Chen ve meslektaşları yorum yapmak için müsait değiller, ancak makalelerinde, yüksek östrojen seviyelerinin egzersiz sırasında yağ yakımını artırabileceği için bu tutarsızlığın hormonlarla açıklanabileceğini öne sürüyorlar. Eynon, bunun aynı zamanda kadınların erkeklerle aynı fiziksel görevleri başarmak için daha fazla solunum, metabolik ve kas gücü kullanması anlamına gelebilecek biyolojik farklılıklarla da ilgili olabileceğini söylüyor.
New York City’deki Columbia Üniversitesi’nden Ersilia DeFilippis, çalışmanın “sağlam” olduğunu ve cinsiyete özgü yönergelere olan ihtiyacın altını çizdiğini söylüyor. Ancak bir dezavantajı, öncelikle varlıklı, iyi eğitimli ve yaklaşık yüzde 93’ü beyaz olan bir nüfusa odaklanmış olmasıdır. DeFilippis, siyahi kadınların beyaz kadınlara göre daha kötü kardiyovasküler sonuçlara sahip olma eğiliminde olduğunu ve sosyal faktörlerin sağlıkta ve tedavi planlarına bağlılıkta önemli bir rol oynadığını söylüyor.

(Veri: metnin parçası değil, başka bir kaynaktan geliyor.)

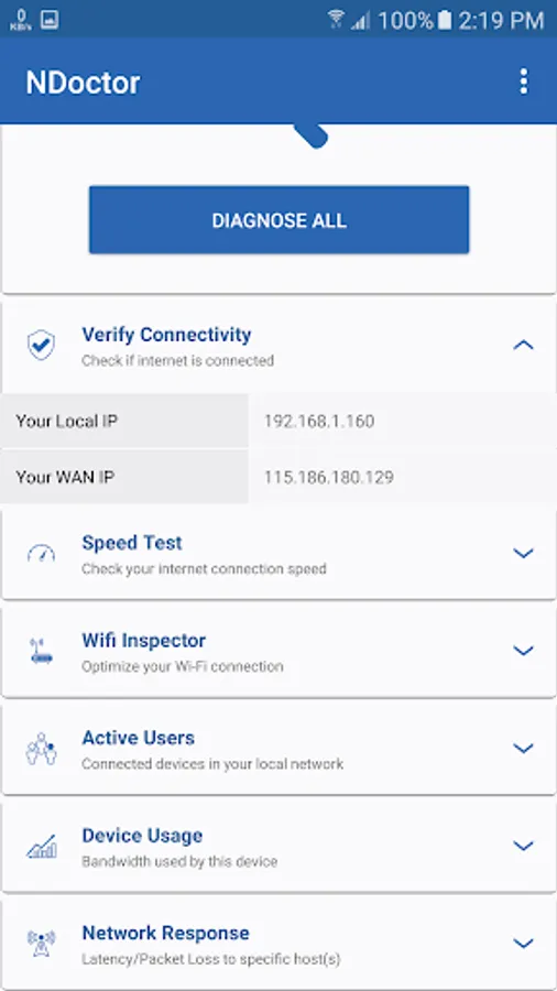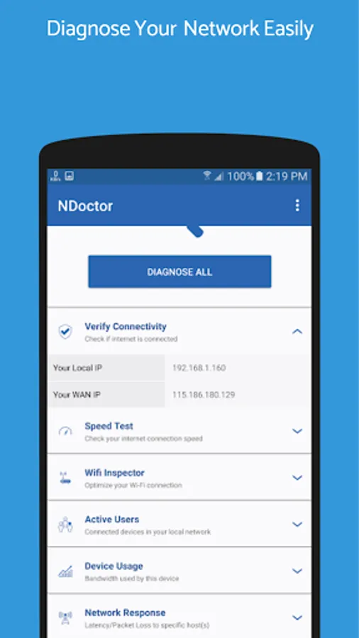 NAYAtel NDoctor is a FREE diagnostics app which can provide better understanding of your network and help to optimize it for optimum performance. Use NAYAtel NDoctor to improve your internet experience. NDoctor comes with following features:

“Bu bulguların ırksal açıdan daha çeşitli ve sosyoekonomik açıdan dezavantajlı bir nüfusa nasıl uygulanacağını anlamak, kalp-damar hastalığı yükünün daha yüksek olması nedeniyle gelecekte zorunlu olacaktır” diyor.
Öyle olsa bile, bu yaşlı popülasyondaki bulgular, yaşamın ilerleyen dönemlerinde egzersiz yapmanın bile önemli faydalar sağlayabileceğini öne sürüyor; ancak aktivitenin insanların yaşına ve fiziksel kapasitelerine göre uyarlanması gerektiğini de ekliyor. “Harekete geçmek ve daha aktif olmak için hiçbir zaman geç değildir.”